*** Provided information ***

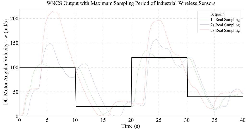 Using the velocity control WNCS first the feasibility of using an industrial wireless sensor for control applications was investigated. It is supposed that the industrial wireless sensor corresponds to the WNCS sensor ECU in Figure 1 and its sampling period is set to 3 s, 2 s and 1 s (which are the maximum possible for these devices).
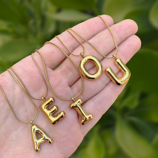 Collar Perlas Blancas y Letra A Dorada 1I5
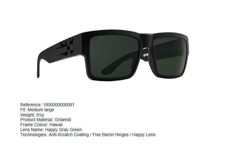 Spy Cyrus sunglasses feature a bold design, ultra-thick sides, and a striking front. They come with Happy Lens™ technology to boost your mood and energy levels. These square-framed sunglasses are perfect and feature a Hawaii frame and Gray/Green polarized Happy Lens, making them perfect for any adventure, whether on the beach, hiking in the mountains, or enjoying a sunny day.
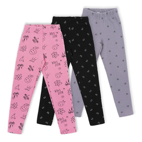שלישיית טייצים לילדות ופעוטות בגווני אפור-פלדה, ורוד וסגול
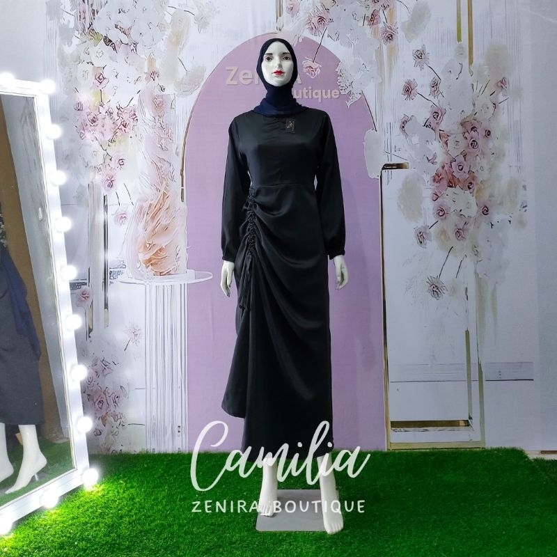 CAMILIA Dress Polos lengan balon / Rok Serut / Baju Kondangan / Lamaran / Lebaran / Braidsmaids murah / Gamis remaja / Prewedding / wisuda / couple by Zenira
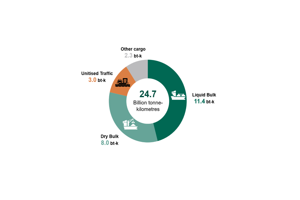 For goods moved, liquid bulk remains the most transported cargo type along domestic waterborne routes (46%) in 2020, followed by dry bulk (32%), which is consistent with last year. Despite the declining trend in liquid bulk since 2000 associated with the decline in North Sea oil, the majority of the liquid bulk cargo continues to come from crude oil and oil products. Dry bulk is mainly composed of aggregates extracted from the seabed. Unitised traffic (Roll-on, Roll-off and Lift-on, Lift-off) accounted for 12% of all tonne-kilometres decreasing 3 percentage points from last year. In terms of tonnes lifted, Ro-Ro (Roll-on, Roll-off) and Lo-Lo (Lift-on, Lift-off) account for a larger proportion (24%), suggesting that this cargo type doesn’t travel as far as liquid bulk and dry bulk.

*** End of Provided information ***
*** Provided information ***

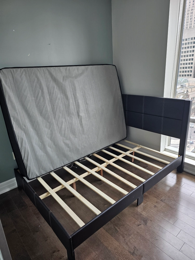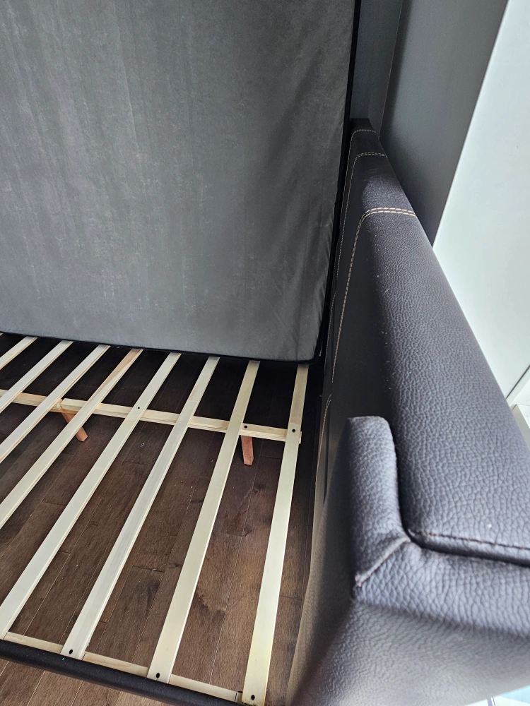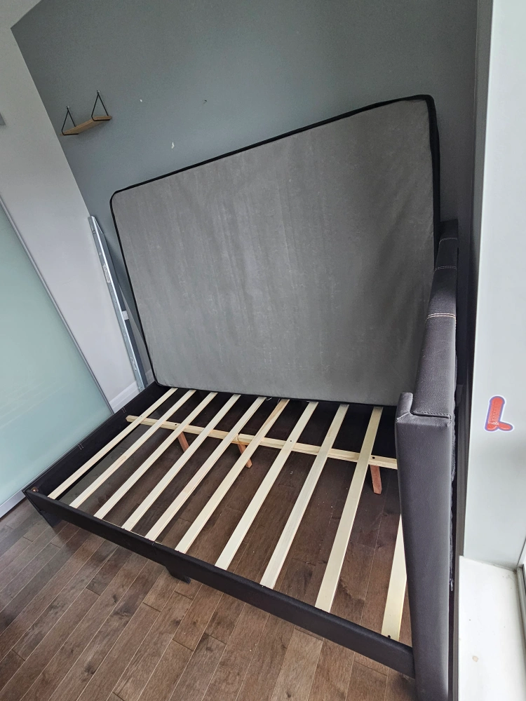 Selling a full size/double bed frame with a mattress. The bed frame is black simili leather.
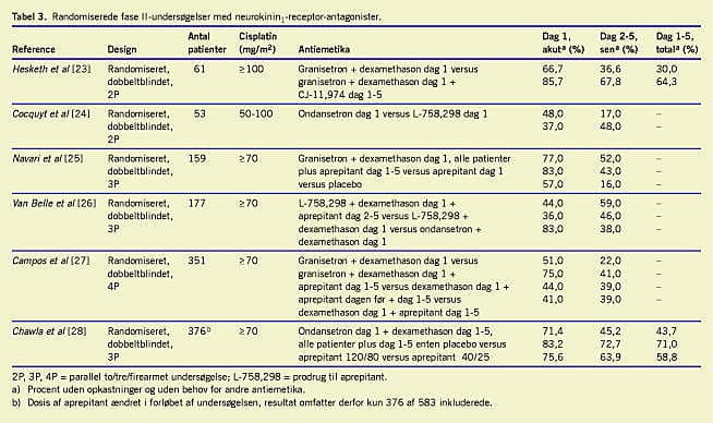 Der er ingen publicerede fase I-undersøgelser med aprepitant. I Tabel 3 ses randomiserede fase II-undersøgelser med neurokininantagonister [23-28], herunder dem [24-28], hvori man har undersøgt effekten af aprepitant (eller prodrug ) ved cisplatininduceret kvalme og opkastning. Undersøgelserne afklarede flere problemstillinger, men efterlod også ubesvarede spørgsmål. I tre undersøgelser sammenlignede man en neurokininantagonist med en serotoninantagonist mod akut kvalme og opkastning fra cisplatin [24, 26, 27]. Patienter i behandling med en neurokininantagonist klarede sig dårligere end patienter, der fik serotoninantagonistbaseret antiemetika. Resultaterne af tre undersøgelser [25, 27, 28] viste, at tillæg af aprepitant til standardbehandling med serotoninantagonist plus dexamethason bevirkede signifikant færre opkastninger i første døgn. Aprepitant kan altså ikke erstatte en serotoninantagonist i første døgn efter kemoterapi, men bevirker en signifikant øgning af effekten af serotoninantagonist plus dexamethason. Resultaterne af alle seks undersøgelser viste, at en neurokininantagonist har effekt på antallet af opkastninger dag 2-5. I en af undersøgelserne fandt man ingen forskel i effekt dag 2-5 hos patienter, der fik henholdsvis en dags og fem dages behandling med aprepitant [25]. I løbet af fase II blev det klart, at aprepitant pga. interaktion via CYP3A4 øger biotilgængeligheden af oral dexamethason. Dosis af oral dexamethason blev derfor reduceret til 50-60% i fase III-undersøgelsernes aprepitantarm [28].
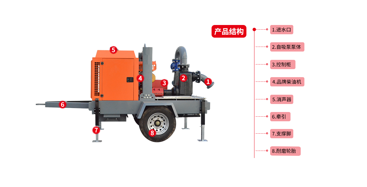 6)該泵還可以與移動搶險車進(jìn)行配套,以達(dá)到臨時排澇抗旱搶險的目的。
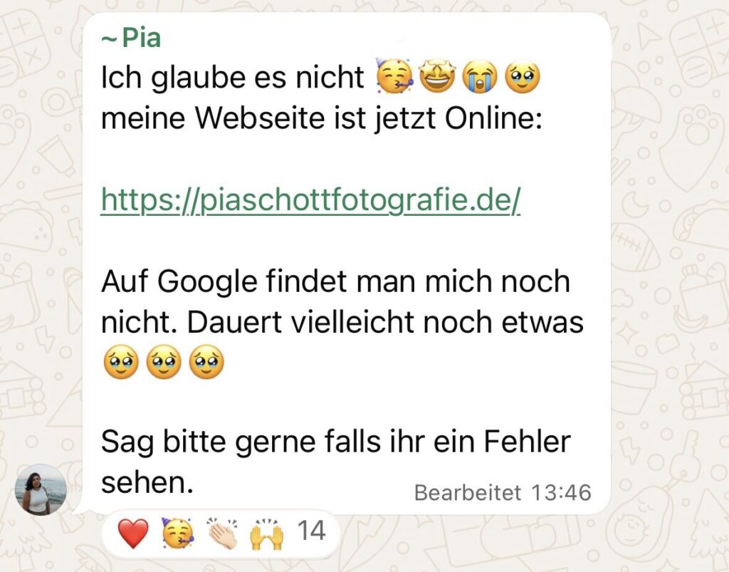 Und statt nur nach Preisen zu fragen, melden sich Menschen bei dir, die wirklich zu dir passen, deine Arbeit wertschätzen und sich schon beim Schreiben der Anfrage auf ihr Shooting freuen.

*** End of Provided information ***

Within these entries, output exactly the lines starting at the one with "שלישיית טייצים לילדות" and finishing at the one with "CAMILIA Dress Polos". Leave pictures out of the output.

שלישיית טייצים לילדות ופעוטות בגווני אפור-פלדה, ורוד וסגול
 CAMILIA Dress Polos lengan balon / Rok Serut / Baju Kondangan / Lamaran / Lebaran / Braidsmaids murah / Gamis remaja / Prewedding / wisuda / couple by Zenira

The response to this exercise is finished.